§ **Exercise**:
Exact copy, pictures excluded: write out every line below.

§ **Dataset section**:
---*---

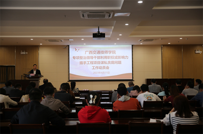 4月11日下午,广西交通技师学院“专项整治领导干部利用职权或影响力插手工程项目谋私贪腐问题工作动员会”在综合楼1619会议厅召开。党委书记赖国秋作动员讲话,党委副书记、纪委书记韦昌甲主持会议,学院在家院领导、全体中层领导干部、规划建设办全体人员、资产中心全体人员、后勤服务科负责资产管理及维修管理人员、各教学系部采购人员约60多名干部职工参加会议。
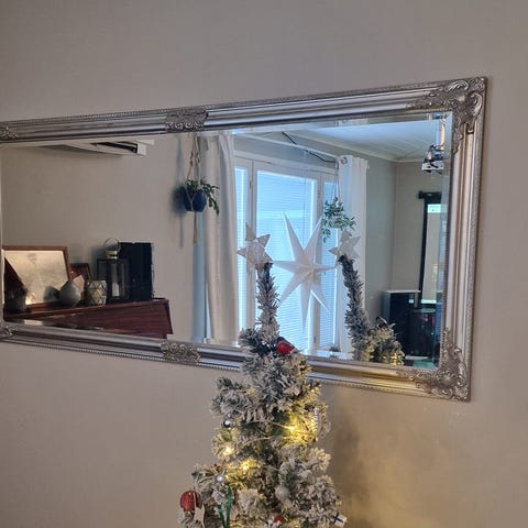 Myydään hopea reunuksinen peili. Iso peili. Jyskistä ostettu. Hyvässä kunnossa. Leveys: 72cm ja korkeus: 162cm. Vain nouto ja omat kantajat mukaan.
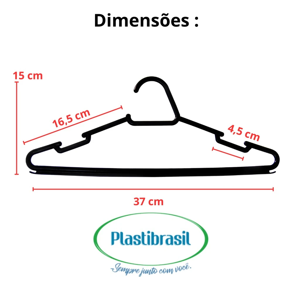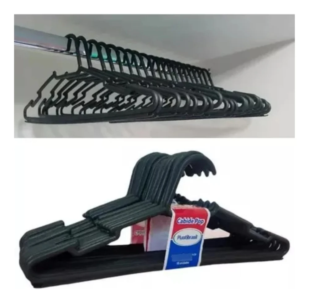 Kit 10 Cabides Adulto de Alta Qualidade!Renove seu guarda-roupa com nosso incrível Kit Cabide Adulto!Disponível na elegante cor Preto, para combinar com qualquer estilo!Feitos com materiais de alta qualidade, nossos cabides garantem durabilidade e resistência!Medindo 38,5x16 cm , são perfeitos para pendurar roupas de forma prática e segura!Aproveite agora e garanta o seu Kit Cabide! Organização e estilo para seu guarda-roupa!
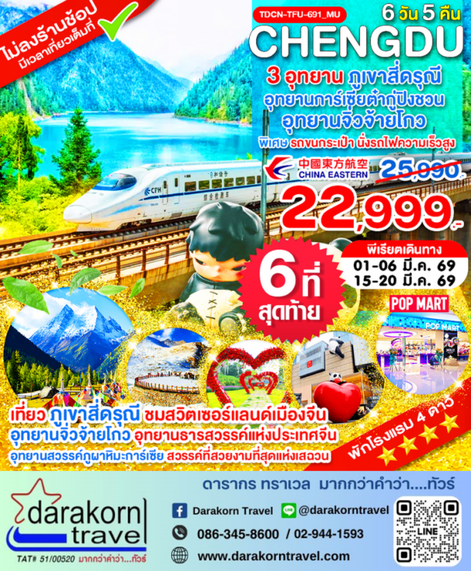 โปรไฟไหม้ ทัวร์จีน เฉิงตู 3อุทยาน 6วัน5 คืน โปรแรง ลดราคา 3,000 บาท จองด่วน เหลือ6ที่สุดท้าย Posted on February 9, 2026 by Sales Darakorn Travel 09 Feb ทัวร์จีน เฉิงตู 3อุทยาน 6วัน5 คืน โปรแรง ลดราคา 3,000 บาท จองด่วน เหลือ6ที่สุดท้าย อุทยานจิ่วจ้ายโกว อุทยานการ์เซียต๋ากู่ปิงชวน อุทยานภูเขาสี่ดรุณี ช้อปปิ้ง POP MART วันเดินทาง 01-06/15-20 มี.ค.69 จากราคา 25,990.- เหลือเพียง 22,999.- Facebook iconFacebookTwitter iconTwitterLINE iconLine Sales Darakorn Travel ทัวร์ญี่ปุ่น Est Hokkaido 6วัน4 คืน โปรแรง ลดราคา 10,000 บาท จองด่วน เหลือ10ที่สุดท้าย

---*---

§ **Solution below**:
 4月11日下午,广西交通技师学院“专项整治领导干部利用职权或影响力插手工程项目谋私贪腐问题工作动员会”在综合楼1619会议厅召开。党委书记赖国秋作动员讲话,党委副书记、纪委书记韦昌甲主持会议,学院在家院领导、全体中层领导干部、规划建设办全体人员、资产中心全体人员、后勤服务科负责资产管理及维修管理人员、各教学系部采购人员约60多名干部职工参加会议。
 Myydään hopea reunuksinen peili. Iso peili. Jyskistä ostettu. Hyvässä kunnossa. Leveys: 72cm ja korkeus: 162cm. Vain nouto ja omat kantajat mukaan.
 Kit 10 Cabides Adulto de Alta Qualidade!Renove seu guarda-roupa com nosso incrível Kit Cabide Adulto!Disponível na elegante cor Preto, para combinar com qualquer estilo!Feitos com materiais de alta qualidade, nossos cabides garantem durabilidade e resistência!Medindo 38,5x16 cm , são perfeitos para pendurar roupas de forma prática e segura!Aproveite agora e garanta o seu Kit Cabide! Organização e estilo para seu guarda-roupa!
 โปรไฟไหม้ ทัวร์จีน เฉิงตู 3อุทยาน 6วัน5 คืน โปรแรง ลดราคา 3,000 บาท จองด่วน เหลือ6ที่สุดท้าย Posted on February 9, 2026 by Sales Darakorn Travel 09 Feb ทัวร์จีน เฉิงตู 3อุทยาน 6วัน5 คืน โปรแรง ลดราคา 3,000 บาท จองด่วน เหลือ6ที่สุดท้าย อุทยานจิ่วจ้ายโกว อุทยานการ์เซียต๋ากู่ปิงชวน อุทยานภูเขาสี่ดรุณี ช้อปปิ้ง POP MART วันเดินทาง 01-06/15-20 มี.ค.69 จากราคา 25,990.- เหลือเพียง 22,999.- Facebook iconFacebookTwitter iconTwitterLINE iconLine Sales Darakorn Travel ทัวร์ญี่ปุ่น Est Hokkaido 6วัน4 คืน โปรแรง ลดราคา 10,000 บาท จองด่วน เหลือ10ที่สุดท้าย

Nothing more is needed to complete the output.